Another possible mechanism of alterations of serum liver enzymes that had been considered was the inadvertent clipping of the right branch of the hepatic artery or any other aberrant arterial branch supplying blood to the liver. When Calot's triangle has dense or cicatricial adhesion, the related arterial branch could be easily injured. This, however, should be followed by a massive increase in liver enzymes and usually has clinical implications[43-45]. Nevertheless, the LCR hardly gave rise to any chance to injure the right branch of the hepatic artery, yet the LCR patients showed marked elevation of ALT and AST postoperatively. Therefore, arterial branch injury could be ruled out in almost LC patients.

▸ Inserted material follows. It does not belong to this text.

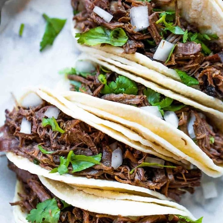 Tortillas dobles con carne y cebolla y cilantro y la salsa aparte
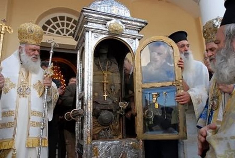 Uoči svakog praznika staklena rakovica u kojoj leži telo svetice, okomito postavljeno u glavnom manastiru crkvama. Ljudi prolaze pored nje cijelu noć, ljubeći čašu u nivou ruku Sveti Gerasimus. Sledećeg dana, odvija se povorka tokom koji rak sa relikvijama nose pacijenti koji leže na zemlji. Je Pomaže u otjeranju demona od nesretnih i vraćanju njihovog uma. Neki opsjednuti ponašaju se vrlo nasilno, psuju crkvu i jure svećenstvu. Oni moraju biti povezani. Međutim to onog trenutka kada je rak pored luđaka, on se smrzava i kako kao da se smiruje. Čim povorka prođe – i ludnica opet počne trčati amok.

In summary, our present studies demonstrated that transient elevation of hepatic transaminases could occur after laparoscopic procedures. These changes might be attributed to hepatocellular dysfunction secondary to one or combination of CO2 pneumoperitoneum, diathermy, extruding liver, branch of the hepatic artery injured and general anesthesia. Based on our findings, the CO2 pneumoperitoneum might be one of the main reasons for the change of serum liver enzymes. However, the transient elevation of hepatic transaminases showed no apparent clinical implication in most patients who received laparoscopic surgery according to follow-up observations and feedback from these patients. Nevertheless, these results indicate that, if the patient's preoperative liver function was very poor, laparoscopic surgery might not be the optimal choice for treating certain abdominal diseases[46].